● **Exercise goal**
Every line from the one with "As per the client's" through the end of the entries below should be written out exactly; the pictures should not.

(Records from a data collection)
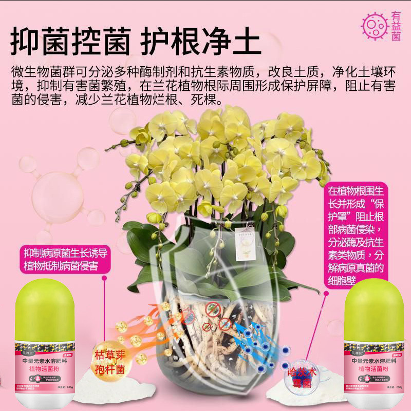 Порошок живых бактерий, специальный микробный препарат для орхидей, питает корни, укрепляет корни, предотвращает гниение корней, водорастворимое удобрение, питает цветы и защищает корни.
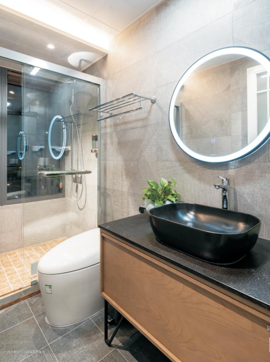 对于一个合格的卫生空间来说,漂亮和美观倒是其次,实用与便捷才是首要的评判标准,这套案例设计的业主是一对白领夫妻,平时上班朝九晚五,疲惫劳累不堪,对于家的设计也是希望尽量做到简洁为主,因此,墙面与地板选用经典百搭的黑灰色大理石瓷砖,构成了主体风格上的同一。
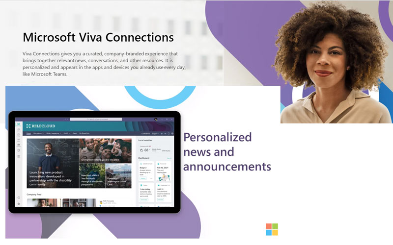 1. Viva Connections เปิดประตูสู่พื้นที่ทำงานในโลกดิจิทัลที่พร้อมสรรพไม่แพ้ออฟฟิศจริง ให้พนักงานสามารถเข้าถึงประกาศและการสื่อสารต่างๆ ภายในองค์กร รวมถึงข้อมูลพื้นฐานภายในบริษัทอย่างนโยบายองค์กร สวัสดิการ หรือการมีส่วนร่วมในกลุ่มกิจกรรมของเพื่อนพนักงาน โดยทำได้ทั้งหมดนี้จากแอปเดียวใน Microsoft Teams ซึ่งสามารถปรับแต่งให้เข้ากับความถนัดของผู้ใช้ได้ แอป Connections นี้จะเปิดใช้งานใน Teams เวอร์ชันเดสก์ท็อปในรูปแบบพรีวิวสำหรับผู้ใช้ทั่วไปตั้งแต่เดือนหน้าเป็นต้นไป ก่อนที่จะเปิดตัวแอปพลิเคชันมือถือในปีนี้
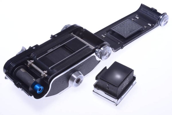 Overall the camera shows minor signs of prior use and is in very good condition. Shows really minor scuffs, no scratches, slight indentation at the top of the finder cover, no dings, no dents, shows minor paint rub off, cover shows no wear.
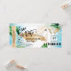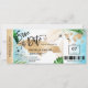 República Dominicana Punta Cana Destinding Beach Wedding Embaraçando Bilhete de Passagem Dourado Salve a data com coração e ícone de avião com folhas tropicais
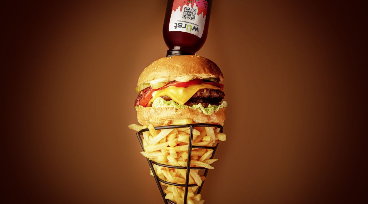 Chiflă Briosche, carne de vită condimentată, becon, salată verde, roșii, ceapă roșie, cașcaval Cheddar, castraveți proaspete, sos Wurst, sos de brânză - 450g
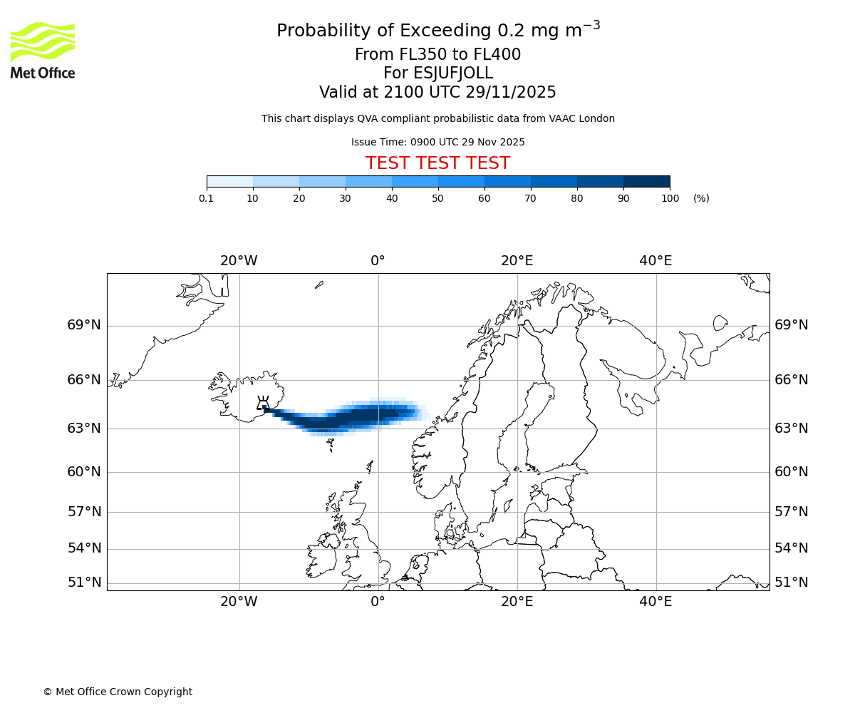 Quantitative Volcanic Ash charts (QVA) are produced in accordance with International Civil Aviation Organization (ICAO) Annex 3 requirements and are provided as well as the London Volcanic Ash Advisory Graphics (VAG) and Advisories (VAA). The lowest QVA threshold (0.2 mg/m³) matches to the areas depicted in the VAA and VAG. Both expected ash concentration and probabilistic forecast information is provided in the chart viewer below for eruptions occurring in the London Volcanic Ash Advisory Centre (VAAC) area of responsibility.
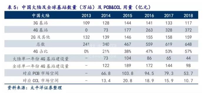截止2018年,中国大陆4G基站总量约为372万站,因中国4G进展快于全球平均,渗透率高于全球平均,非中国大陆地区后续4G基站建设力度和时间跨度将超过中国,则全球各年份4G基站建设用PCB市场空间约为40-80亿元。
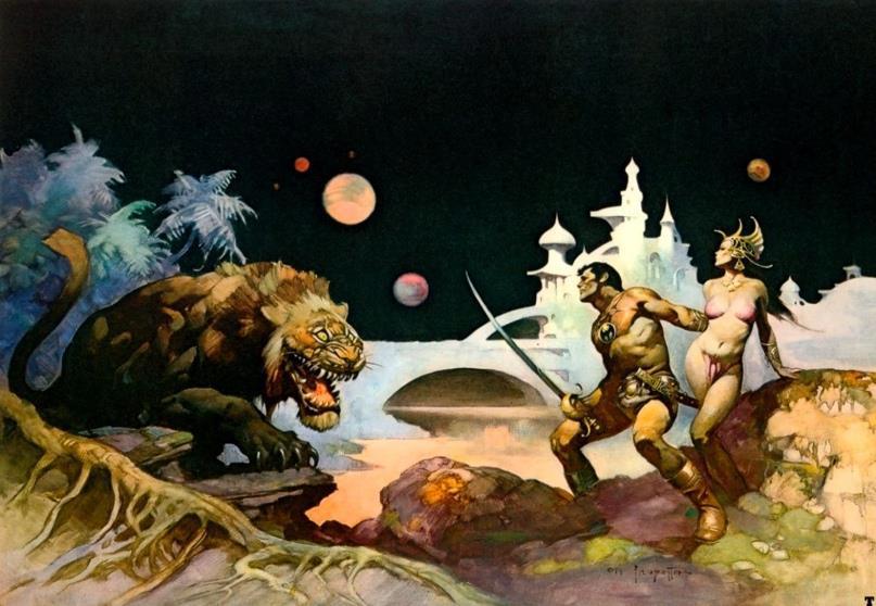 «Джон Картер (Барсум)» - рассказывающий о бывшем офицере конфедератов, попавшего на Марс и все его приключения, включая любовные, с бесподобной Дейей Торис, принцессой Барсума. Зеленые, черные, красные и прочие марсиане, жестокие сражения и опасные враги. Мог ли пройти мимо такого человек с воображением Фразетты? Думаю, что нет.
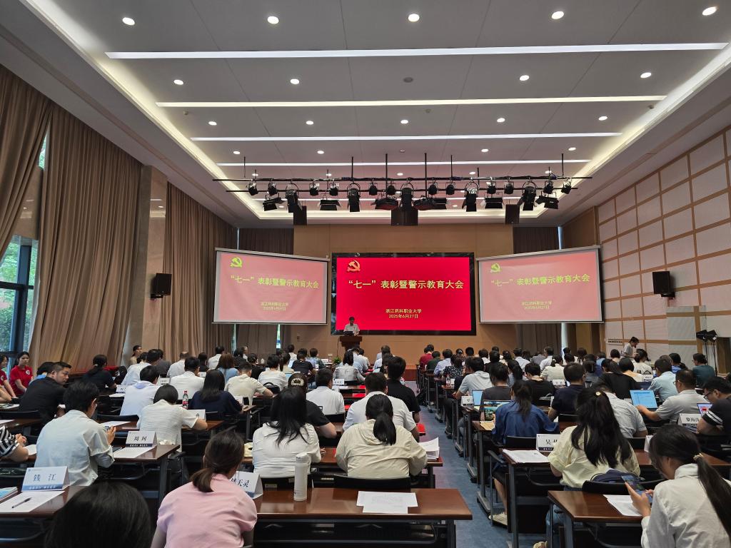 为庆祝中国共产党成立104周年,扎实推进学校深入贯彻中央八项规定精神学习教育,进一步激励全校各级党组织和广大党员干部奋发进取、争先创优,不断增强凝聚力和战斗力,以高质量党建引领事业高质量发展。6月27日下午,学校“七一”表彰暨警示教育大会在奉化校区行政楼召开。校长、党委副书记娄小娥,副校长许莉勇、沈忠华,党委副书记沈黎新、韩忠培,党委委员张佳佳、楼剑锋、戴桂平等出席活动;学校全体中层干部、各二级党组织书记、副书记、基层党支部书记、“两优一先”代表、新党员代表等参加大会,表彰大会由韩忠培主持。
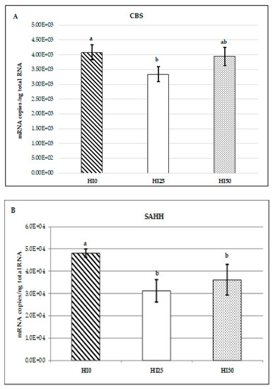 With regard to the mRNA levels of the SAHH enzyme, we found much higher copies in the liver of the HI0 fish group than in the other two groups fed lower levels of Met. In the HI0 group, the increased expression of the SAHH gene was paralleled by the higher hepatic SAH level with respect to the HI25 and HI50 groups. This result is once again in agreement with the outcomes of Kwasek et al. [22], who showed an increase in SAHH gene expression in fish fed a Met-supplemented diet and, as a consequence, an accumulation of SAH due to dietary Met intake.
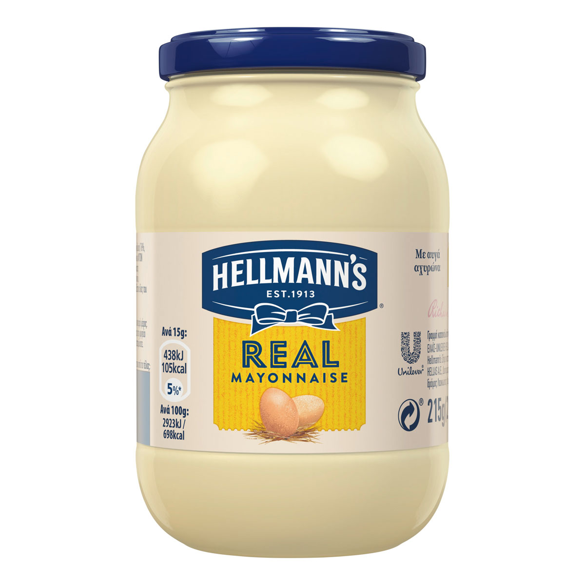 Hellmann's real mayonnaise 225 ml is the basic flavour in dishes such as salads made from fresh vegetables or cooked vegetables, toast, sandwiches, fish, seafood and meat. In a survey conducted in Greece in December 2011, Hellmann's real was voted the mayonnaise with the best taste!
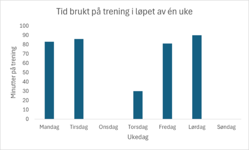 Dataene viser antall minutter jeg trente hver dag i løpet av én uke. Tallene er hentet fra treningsappen jeg bruker for å logge øktene mine, og er visualisert…
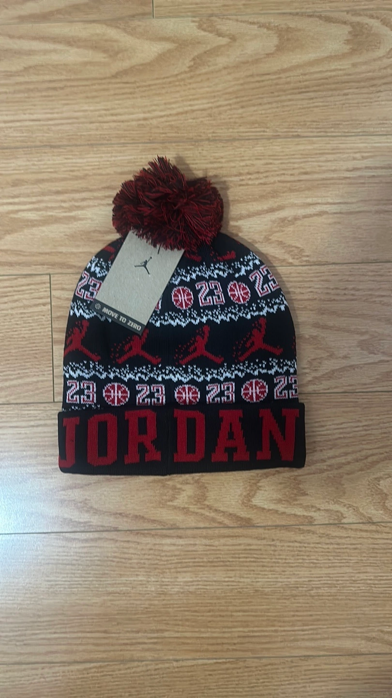 Jordan Brand beanie. Features a pom pom and a festive design. Knit material. New with tags.
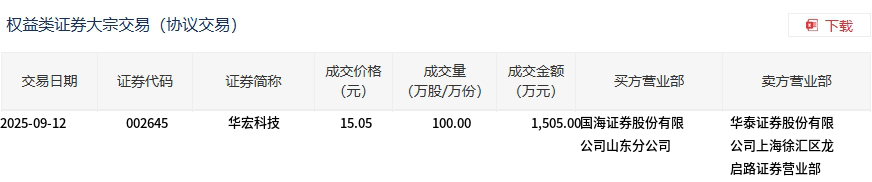 华宏科技今日大宗交易折价成交100万股,成交额1505万元
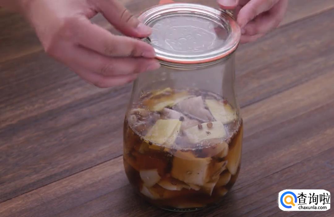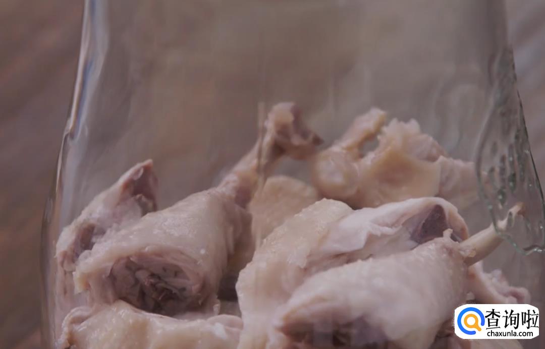 放入姜片、醉鸡汁浸泡鸡肉,再倒入一点高粱酒后密封起来。冷藏一天后就可以开盖食用了。
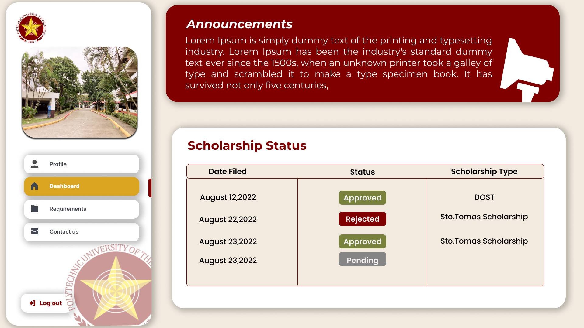 As per the client's request, we are tasked to create a Scholars Portal for the submission of scholarship requirements. This system was used to collect, store, and retrieve scholar's documents, as well as to sort them out to use time efficiently and to ease the load on the OSAS part in processing these documents.
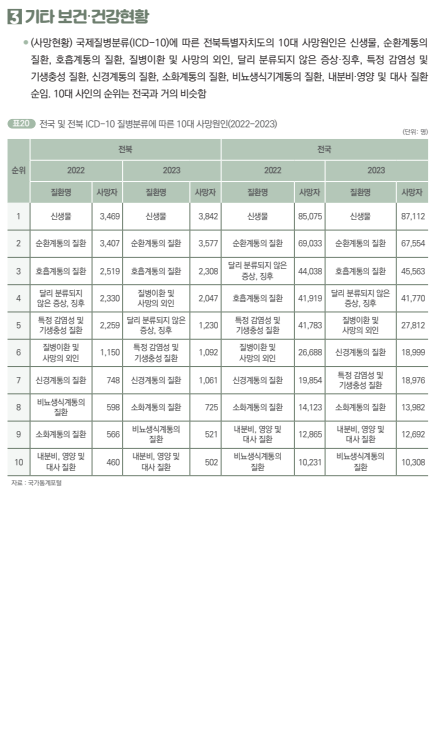 - 기타 자료 : 사망률/사망자 수, 감염병 발생현황, 암질환, 만성질환, 검진실적(전체, 남성, 여성)
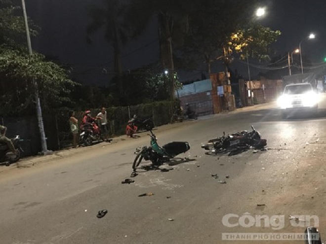 Cú va chạm trực diện làm 2 nam thanh niên văng xa rồi nằm bất động, hai nạn nhân sau đó được chuyển vào bệnh viện 175 cấp cứu trong tình trạng nguy kịch. Tại hiện trường, hai chiếc xe máy bể nát, hư hỏng nặng.
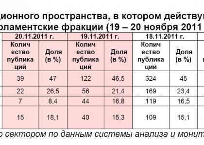 Характер освещения в информационном пространстве парламентских партий и их фракций в Государственной Думе ФС РФ (19 – 20 ноября 2011 года)

● **Response**
 As per the client's request, we are tasked to create a Scholars Portal for the submission of scholarship requirements. This system was used to collect, store, and retrieve scholar's documents, as well as to sort them out to use time efficiently and to ease the load on the OSAS part in processing these documents.
 - 기타 자료 : 사망률/사망자 수, 감염병 발생현황, 암질환, 만성질환, 검진실적(전체, 남성, 여성)
 Cú va chạm trực diện làm 2 nam thanh niên văng xa rồi nằm bất động, hai nạn nhân sau đó được chuyển vào bệnh viện 175 cấp cứu trong tình trạng nguy kịch. Tại hiện trường, hai chiếc xe máy bể nát, hư hỏng nặng.
 Характер освещения в информационном пространстве парламентских партий и их фракций в Государственной Думе ФС РФ (19 – 20 ноября 2011 года)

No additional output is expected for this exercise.